But, well, the trials, the three trials that we have been so heavily covering on this program over the course of the last month, the Charlottesville trial, the R. Bury McMichaels trial in Georgia and the Rittenhouse trial, have now all been decided.
The verdicts are in.
And to help us break that down tonight is a very good and longtime friend of mine and my first choice for tonight's particular treatment.
He is Glenn Allen.
Glenn Allen is a former attorney for the city of Baltimore who has paid a heavy price for having the courage to think freely.
He's a tireless champion of free speech, and he's now standing up for others who have been subjected to similar injustices by founding the Free Expression Foundation.
And Glenn just a few days ago wrote a very, very excellent article entitled A National and Historic Disgrace.
It talks about the lawfare in the Signs v. Kessler show trial, which we've been leading with for each of the last four weeks.
And in this article, Glenn discusses the gross disparity of legal resources, the ideological motives and goals of the plaintiff's attorneys, the dangers of broad discovery, aggressive use of expert, expensive experts, and the misuse of the conspiracy allegations that this trial featured.
So without any further ado, let's bring him back on, Glenn Allen.
And Glenn, let's just break down your article first, and then we'll get into the verdict and the intricacies of that and what your analysis can tell us.
But that article, my friend, take it from the top and what do you think needs to be remembered about this particular trial?
Well, James, there's always been abuse of litigation.
And there are statutes that try to deal with it.
They're anti-slap statutes.
And there are provisions in our legal system for sanctioning people who misuse litigation.
But I think this Signs v. Kessler is almost a class unto itself.
It's pure, what I would call, lawfare, and that's a term that was created in the context of military operations, but it really applies, I think, to certain kinds of litigation that are ideologically motivated and are really not intended to get compensation for injury.
They're intended to bankrupt and silence one's ideological opponents.
And Signs v. Kessler really, to me, set a precedent and a bad one in that it was even allowed to go forward.
I do think that the judge in that case would have been justified in stopping the case at the motions you dismissed.
But the case went on for four years.
It started in October of 2011, I mean, 2017, and it just went to the jury on October 25th of 2021.

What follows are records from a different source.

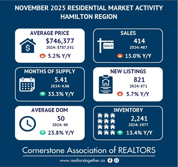 Hamilton, ON (December 3, 2025) – In November, a total of 624 homes sold across Hamilton,
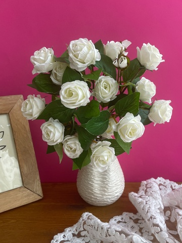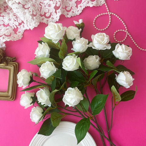 Искусственные розы для декора — это идеальное решение для создания уютной и стильной атмосферы в вашем интерьере. Наши реалистичные цветы розы выглядят так натурально, что их трудно отличить от живых. Каждый букет кустовых роз тщательно изготовлен из высококачественных материалов, что обеспечивает долговечность цветов на протяжении многих лет. Ветки кустовой розы, украшенные белыми бутонами, добавляют элегантности и свежести в любое пространство. Искусственные цветы прекрасно подойдут для оформления столов, создания красивых композиций в вазах или как часть более сложных декораций.
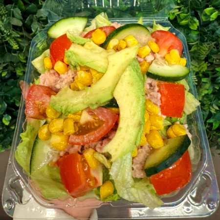 Atún, lechuga, jitomate, pepino, aguacate, elote y mayonesa.
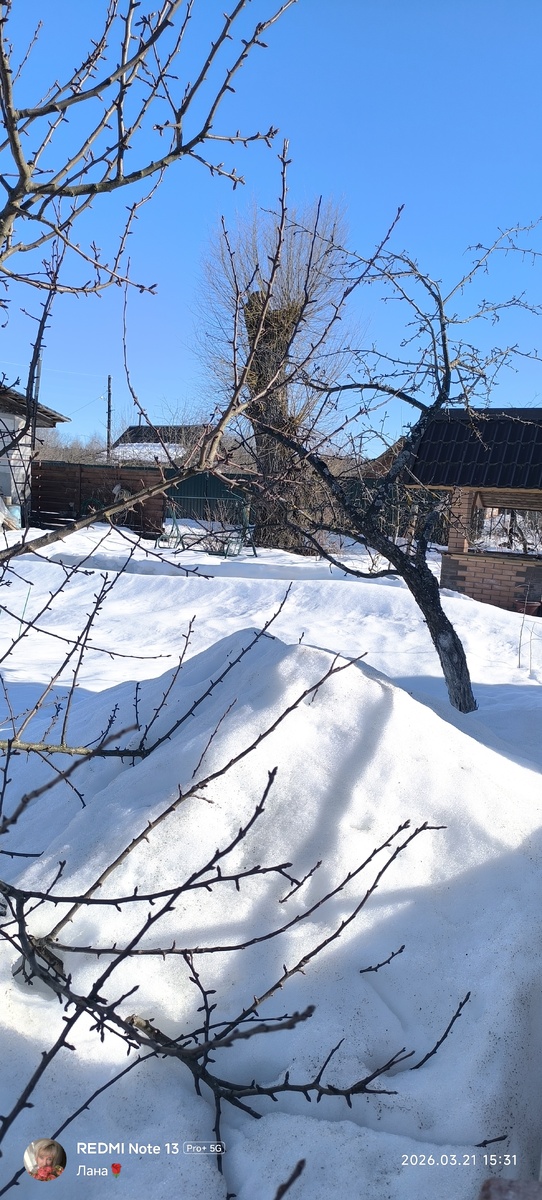 В планы входило обрезка и побелка деревьев, проверка состояния парника, да и так, просто хотя бы одним глазком посмотреть, как там мои любимые розочки перезимовали.
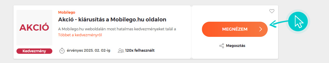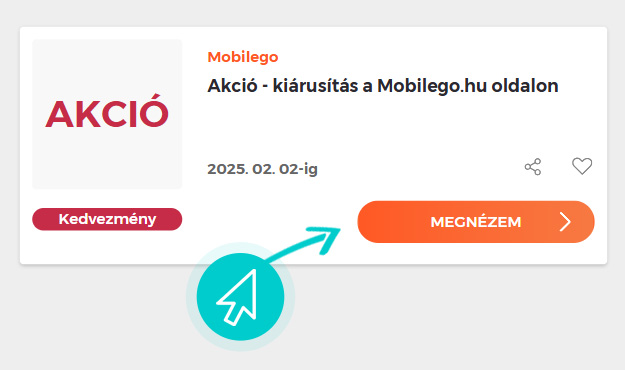Válassz ki egyet a Mobilego kedvezmények közül és kattints a „Megnézem” gombra. Ezt követően átirányítunk a Mobilego webáruházba egyenesen a Mobilego.hu akciós kínálatához, ahol megvásárolhatod a terméket kedvezményesen.

So four years of expensive litigation that had a horrible impact on the defendants who are not wealthy.
But it had a horrible impact on the First Amendment, too, because it sent out the message that if you express your views and someone shows up who doesn't like them and you get in some scuffles, well, you might get sued.
And that's not a message that I think the First Amendment should allow, and that's not a message that I would like to see in this country.
And of course, we've talked about Heckler's vetoes.
We've talked about things like that, which would be to protect dissidents, to have the freedom to assemble and speak on the public square, public property, which heretofore to this case, everybody had the right to do.
And we've talked so much about it, but I think that your article here just brings it into sharp focus.
And as we reach the summation and conclusion of our coverage on this, again, I say I don't think there was anybody else better to help us do it than to you.
But let's focus on another aspect, if you don't mind, Glenn, that you write about in this piece, which has been republished everywhere.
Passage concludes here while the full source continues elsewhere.